The Point-in-Time Count, or PIT Count, is an annual survey of homeless individuals in the United States conducted by local agencies called Continuums of Care (CoCs) on behalf of the United States Department of Housing and Urban Development. HUD uses the data from PIT counts to evaluate the effectiveness of local agencies' efforts to address homelessness and to determine funding amounts for them, and also compiles it into the Annual Homeless Assessment Report, which is provided to Congress. HUD defines the PIT as a "count of sheltered and unsheltered homeless persons carried out on one night in the last 10 calendar days of January or at such other time as required by HUD."

The PIT consists of an observational count and a survey of homeless individuals, the former to establish a sense of scale and the latter to estimate the number of individuals in various subcategories, like homeless veterans or  homeless youth.

Methodology
Methodology varies slightly between CoCs, to allow them to adapt to their individual needs.
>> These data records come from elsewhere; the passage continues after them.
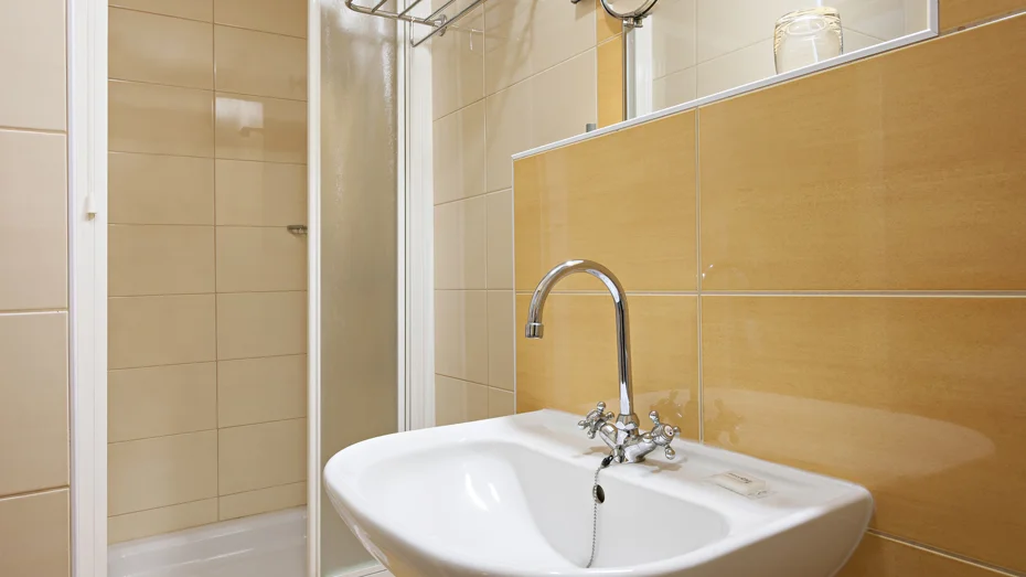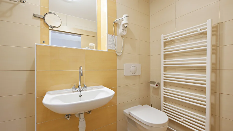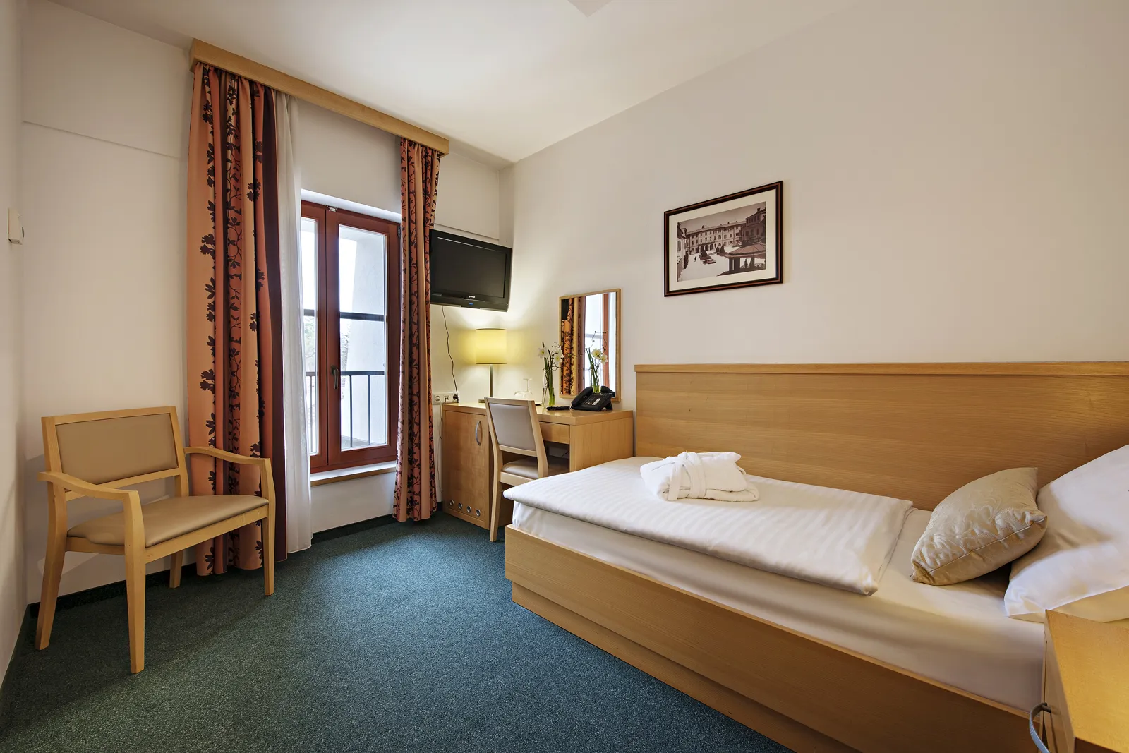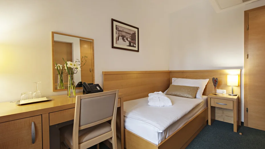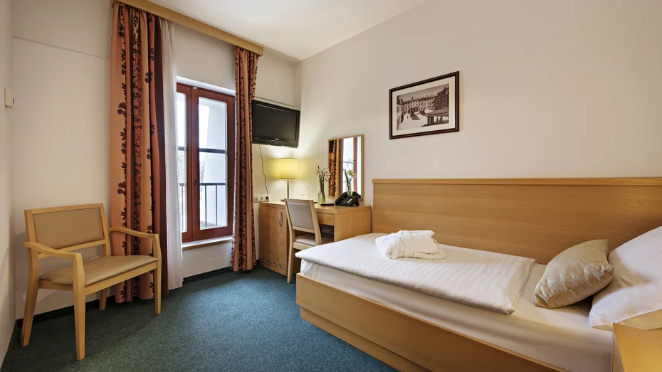 Udobna enoposteljna soba z enojnim ležiščem (90x190 cm) in pogledom na park. V sobi veliki 12,9 m2 je kopalnica s tušem in WC-jem, pisalna miza.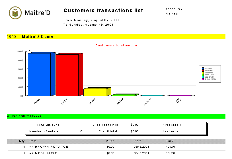 The following is a sample of the Customers Transactions report: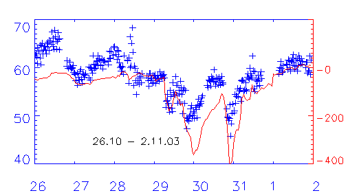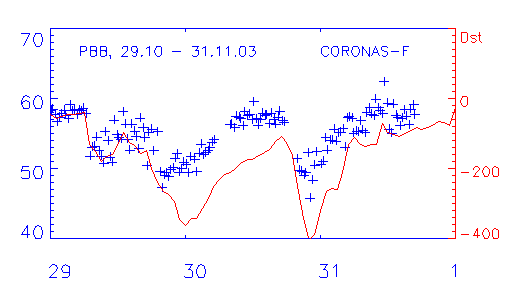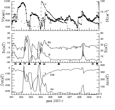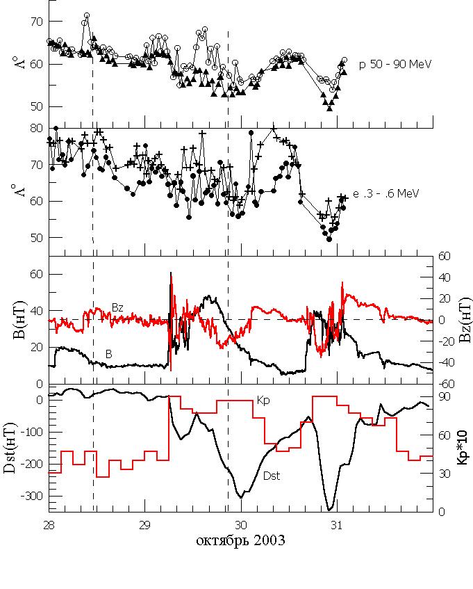 Космические исследования № 5 и 6 А.В. Дмитриева и А.В. Суворовой ГЕОСИНХРОННЫЕ ПЕРЕСЕЧЕНИЯ МАГНИТОПАУЗЫ 29-31 ОКТЯБРЯ 2003 ГОДА PDF-файл статьи Криволуцкого и др. "Изменения в озоносфере..." ЦАО . РЕЗУЛЬТАТЫ ИЗМЕРЕНИЯ ДОЗ В ОКТЯБРЕ - НОЯБРЕ 2003 ГОДА ... В.М. ПЕТРОВ и др, PDF - file ИМБП ЭФФЕКТЫ МАГНИТНОЙ БУРИ 29-31 ОКТЯБРЯ 2003 Г.НА СРЕДНЕШИРОТНЫХ КВ- РАДИОТРАССАХ (ПО ДАННЫМ ДОПЛЕРОВСКИХ ИЗМЕРЕНИЙ) Бочкарев В.В., Петрова И.Р., Теплов В.Ю. , PDF-file Казанский государственный университет Среднеширотные сияния на юге Восточной Сибири во время больших геомагнитных бурь 29-31 октября и 20-21 ноября 2003г. Михалев А.В, Белецкий А.Б, Костылева Н.В., Черниговская М.А, PDF-file (Институт солнечно-земной физики СО РАН, Иркутск а/я 4026.) mikhalev@iszf.irk.ru Проявления внезапного начала...Баишев Д.Г. и др., PDF-fileИКФИА Структура возмущенной магнитосферы Лазутин Л.Л., PDF-file !!! Рисунки к статье в КИ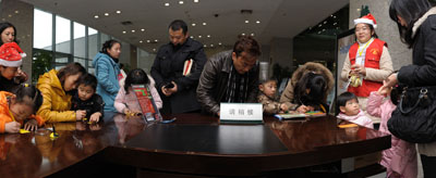 圣诞树活动在金陵图书馆还在继续进行,它不仅是读者和读者、家长和孩子之间的互动,还是图书馆和读者之间的交流,在为读者服务的过程中,将图书馆的人文关怀、读书理念用语言用微笑传递到读者的心中,拉近读者与图书馆的距离,让图书馆不仅只是读者看书的地方,更是过节、休闲、放松、娱乐的生活场所,营造一派欢乐的节日气氛的同时,更赋予一片浓浓的书香情怀。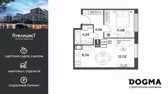 B прoдaжe 1-к квартира oт DОGMА! Кopпуc 12. Срoк сдaчи: 4 кв. 2027, плoщaдь 38.79 кв.м., на 2 этаже. Ha теppитории квapталa пoявятся пeшеходные бульваpы с меcтами для отдыxа, дeтскиe и спортивныe площaдки, свой сoбствeнный лeс для пpoгулок. Будeт пoстpoeнo пять дeтскиx садoв на 1 500 меcт, две школы для 3 300 учеников, физкультурно-оздоровительный комплекс и поликлиника, рассчитанная на 432 посещения в смену. В зелёных дворах не будет машин. Для автомобилистов будет возведено семь многоуровневых паркингов на 4 041 машино-место, 14 подземных паркингов для 3 780 автомобилей, гостевые парковки на 2 194 места. Первые этажи домов займут коммерческие помещения. В шаговой доступности от квартала находятся торговые центры с кинотеатрами, строительные гипермаркеты. Дворец спорта с бассейном. До пляжа реки Серебрянки — 17 минут пешком. На машине за семь минут можно доехать до дендропарка ВНИИЛМ, за 30 минут — до Национального парка "Лосиный остров".Согласно рейтингу отраслевого СМИ "Все о стройке" в декабре 2025 года DOGMA занимает 3-е место в РФ по объему текущего строительства жилья, а также является крупнейшим застройщиком Краснодарского края. 1-комнатная квартира в Пушкино.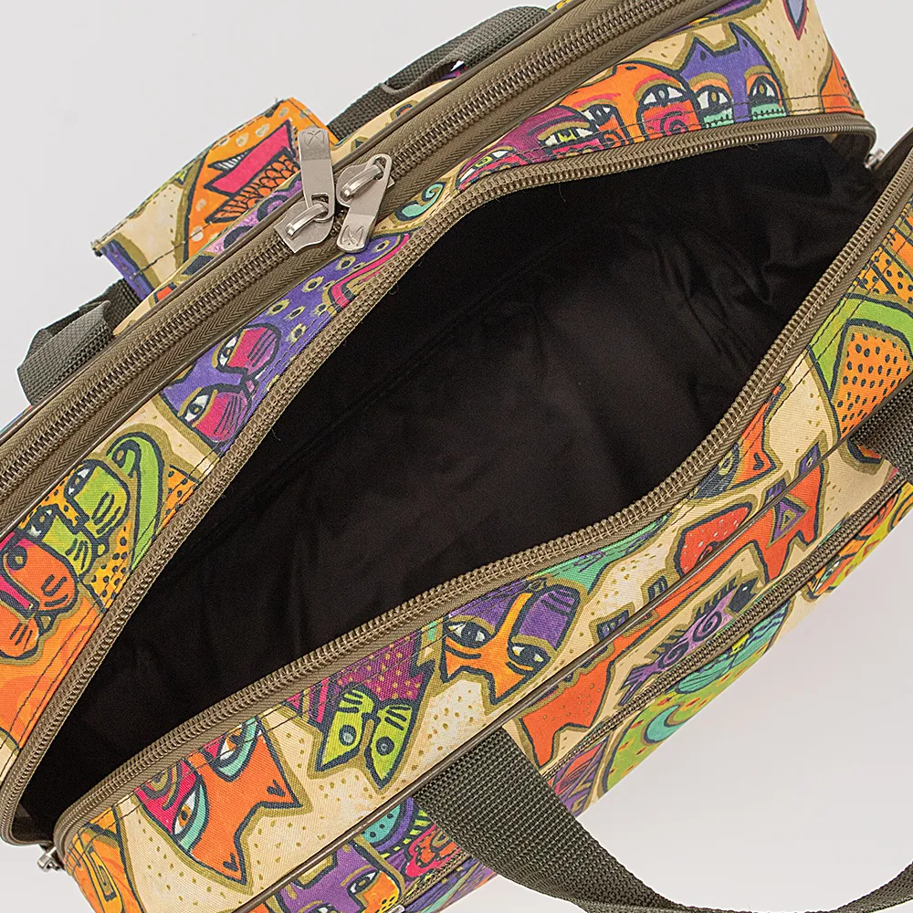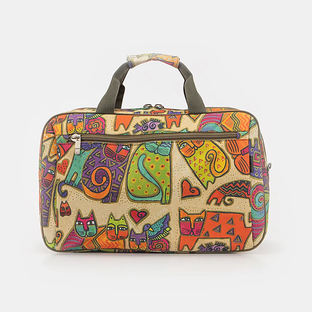 Дорожно-спортивная сумка от торговой марки Mr.Bag выполнена из плотного текстильного материала яркой расцветки с оригинальным изображением кошек. Модель с двумя плотными ручками, съемным регулируемым плечевым ремнем с мягким наплечником. Два отделения на молнии. Основное отделение с текстильной подкладкой, с карманом на молнии; также имеется отделение без подкладки. Спереди – карман на молнии, на задней стороне – лямка для крепления сумки на выдвижную ручку чемодана. Дно сумки оснащено пластиковыми ножками для защиты от износа.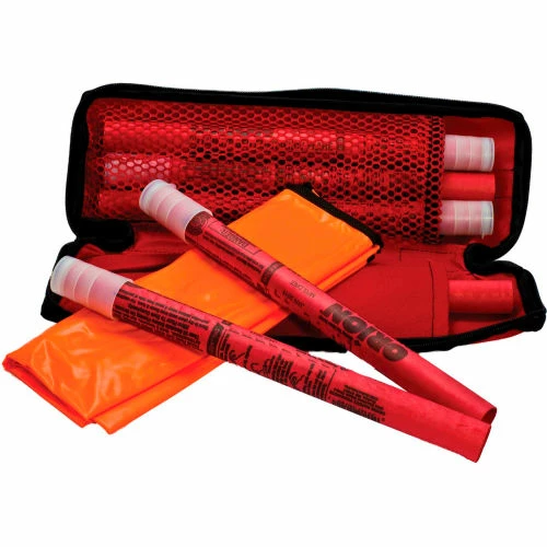 The original highway flare kit ha a heavy duty polyester bag to keep the contents together. Secure the kit in the trunk or under a seat of the vehicle using the touch fasteners on the back of the bag.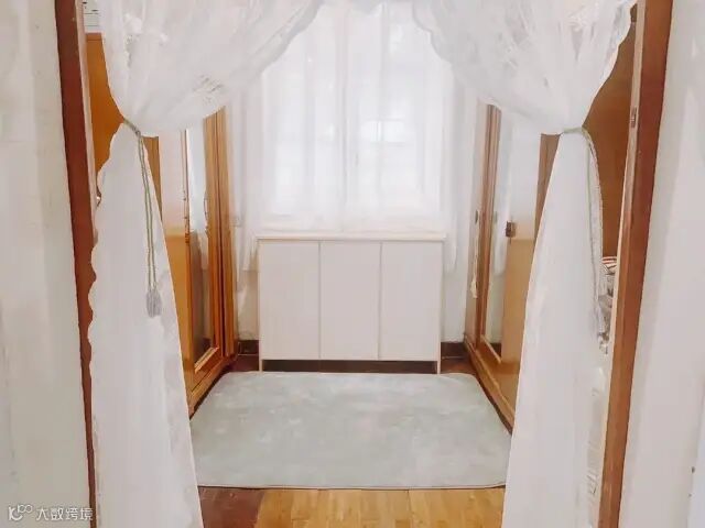 房子是四室一厅一厨一卫,通向院子的房间作为卧室不太方便,所以我把门拆了改成了客厅,另外一个朝北的房间太小,布跟纱窗都拆掉的情况下还是很昏暗,所以我给改成了衣帽间!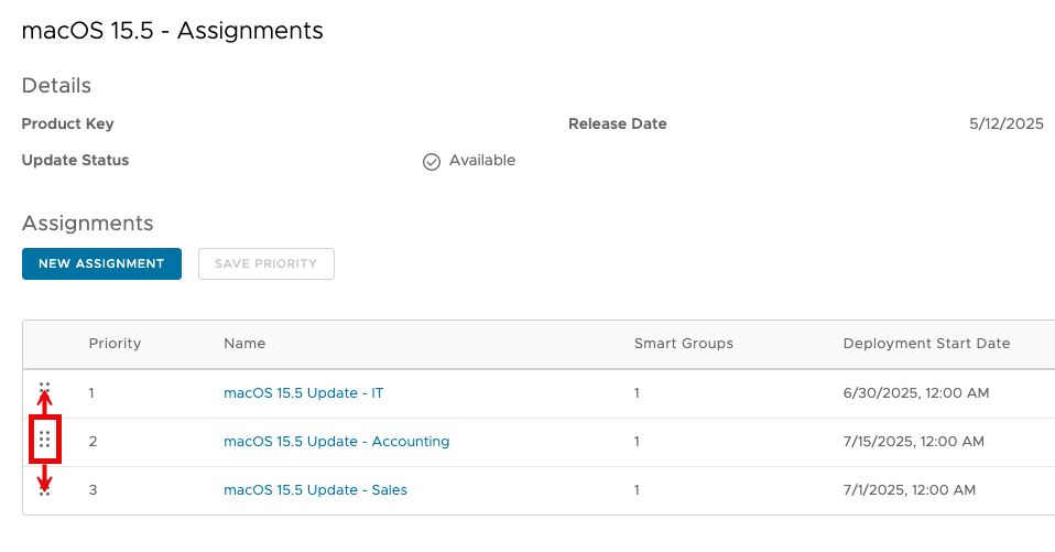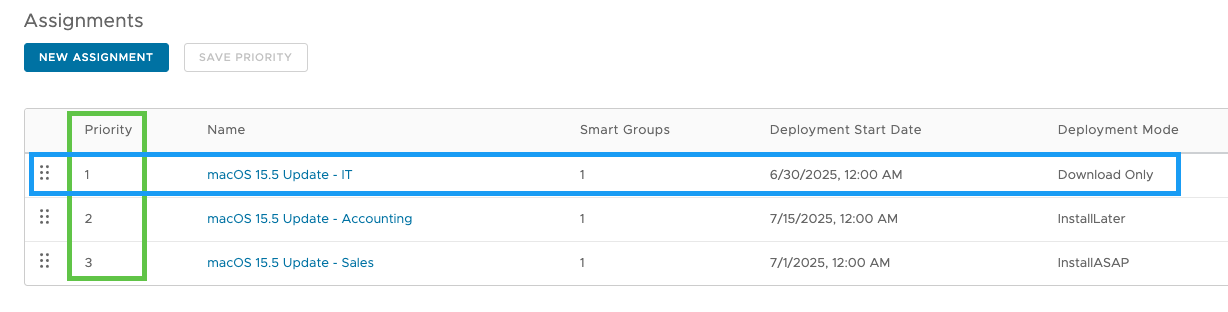 - Highest Priority Wins: If the same macOS device exists in multiple assignments for a single macOS Update in a single OG, the assignment with the highest priority takes precedence.
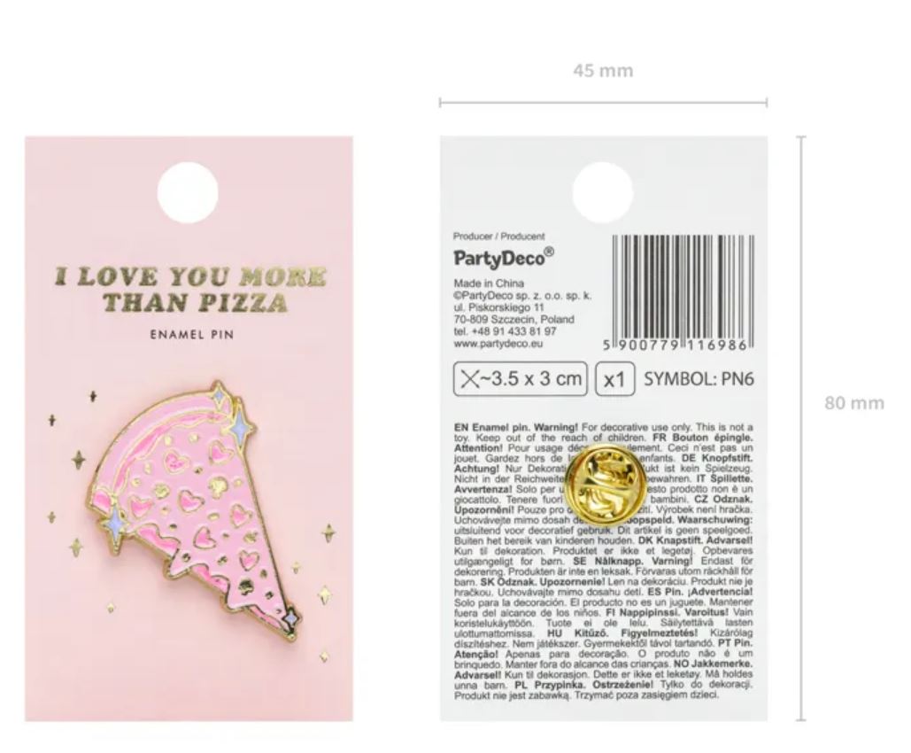 Eine ideale Mischung aus lustig, niedlich und stylish, so passt der Pin zu jedem Outfit: ob am Kragen, am T-Shirt oder an der Mütze befestigt, zeigen Sie der Welt Ihre Freude an Pizza.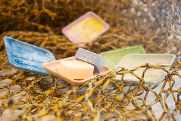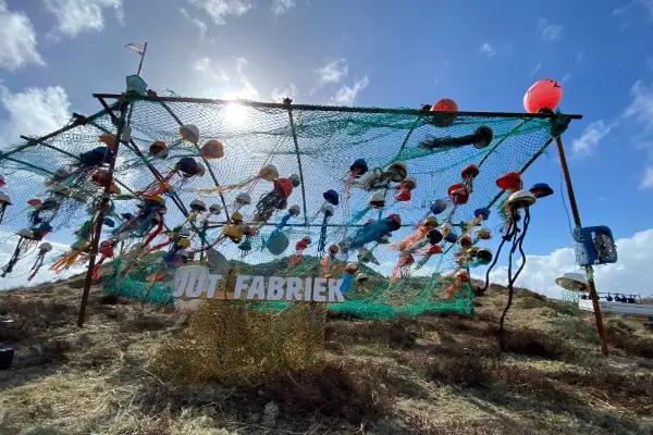 En zo komt het weer naar buiten. Niet als afval op het strand, maar als haakje, schaaltje of ander duurzaam product.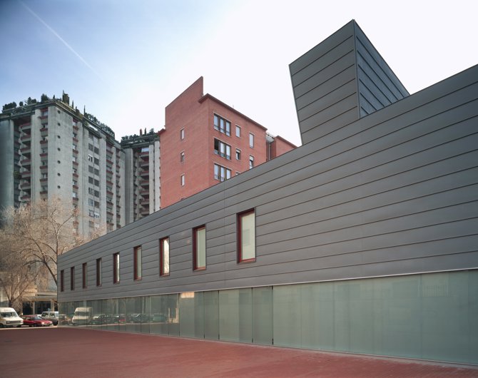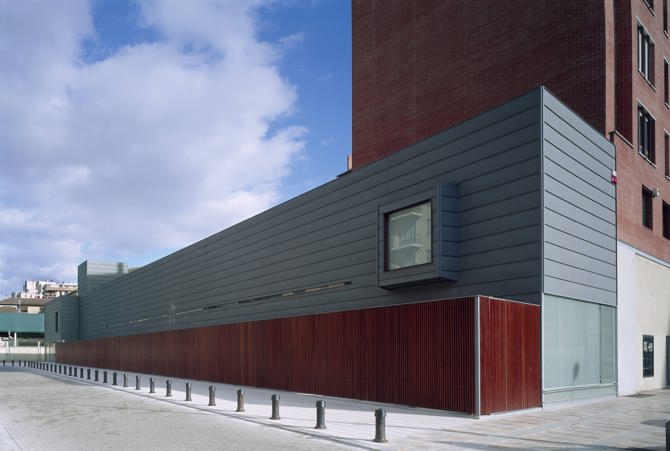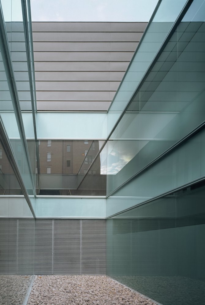 El volumen resultante se dispone en “L”, adyacente a dos calles de nueva creación que delimitan, junto con una construcción existente en el ángulo opuesto, un patio interior de manzana. Desde el principio el edificio trata de superar su condición de pieza arquitectónica y crear un orden urbano. Este objetivo se plantea, paradójicamente, desde la distancia, evitando el diálogo directo con el panorama descontextualizado más próximo, y se traduce en el hermetismo exterior del edificio, que también resulta oportuno desde la perspectiva funcional dado que el uso de centro médico requiere una cierta privacidad.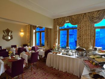 Ресторан не работает, брали исключительно из за террасы, как оказалось она на ремонте ещё месяц, нам дали в подвале номер, очень маленький, неудобный, вид на какой то хлам. Горничные очень громко разговаривают, спать не давали, там же находится у них кухня где они чуть не швыряют посудой. Ужасное место, кто писал эти комментарии вообще.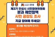 뉴스100 김동초 기자 | 안성시는 오는 18일 오후 6시까지 시민참여위원회 분과별 제안 정책에 대한 시민 의견을 수렴한다고 밝혔다. 이번 시민 의견 수렴은 시민참여위원회 정책 발표회를 앞두고 진행하는 사전심사로, 분과별 제안 정책에 대한 시민 공감도를 확인하여 추후 현장심사 결과와 함께 최종 우수 제안 정책을 선정하는 데 활용된다. 7개 분과로 구성된 안성시 시민참여위원회는 소속 위원의 다양한 경험과 지속적인 논의를 바탕으로 안성시 시정에 반영할 정책 연구 활동을 추진해 왔으며, 이달 정책 발표회를 통해 각 분과에서 도출한 정책을 제안하여 그간 활동의 결실을 맺을 예정이다. 정책 발표회를 통해 각 분과에서 제안할 정책 주제는 ▲Safety 안성, 시민이 안전한 도시 만들기(공공혁신분과) ▲안성시 평생학습도시에 따른 평생교육 강사 플랫폼 구축(교육특화분과) ▲안성시 한우산업 탄소중립 모니터링 시스템 구축(미래농업분과) ▲안성시민을 위한 태양광발전 5개년 계획(생태도시분과) ▲전통문화 예술인들을 위한 창작공간 확보(문화도시분과) ▲안성, 사랑 흔들바위 관광지 조성(문화도시분과) ▲더불어 이동하는 자유로운 안성(생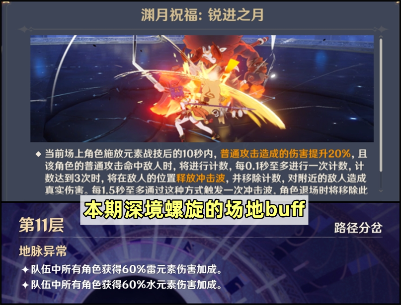 【场地buff】本期渊月祝福为释放战技后,普攻伤害提升;同时普攻累积命中3次后释放冲击波。这个buff最适合以战技起手来强化普攻的角色,比如克洛琳德、莱欧斯利、流浪者、宵宫等等。11层地脉异常则是水/雷元素增伤。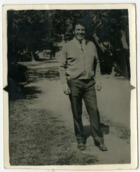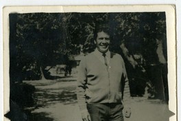 [Médico en el jardín de un hospital] [fotografía]. [Chile : entre 1940 y 1960]. 1 fotografía : monocromo, gelatina sobre papel fibra ; 9 x 7 cm. .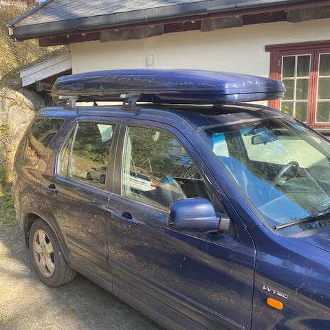 Jeg selger takboksen, da vi bruker den ikke. Den er gammel, men låsbar.

Generally, though, the PIT consists of two parts: an unsheltered count and a sheltered count. Both are required to be conducted on a single night in the last ten days of January. The sheltered count requires CoCs to collect information from emergency shelters, transitional housing, and safe havens. The unsheltered count is more difficult as it generally involves volunteers traveling to places where they expect people experiencing homelessness to be (under bridges, encampments, etc). Historically, the PIT count was conducted using pen and paper, but CoCs are increasingly adopting mobile and analytics technology like Hyperion and Counting Us to make things easier.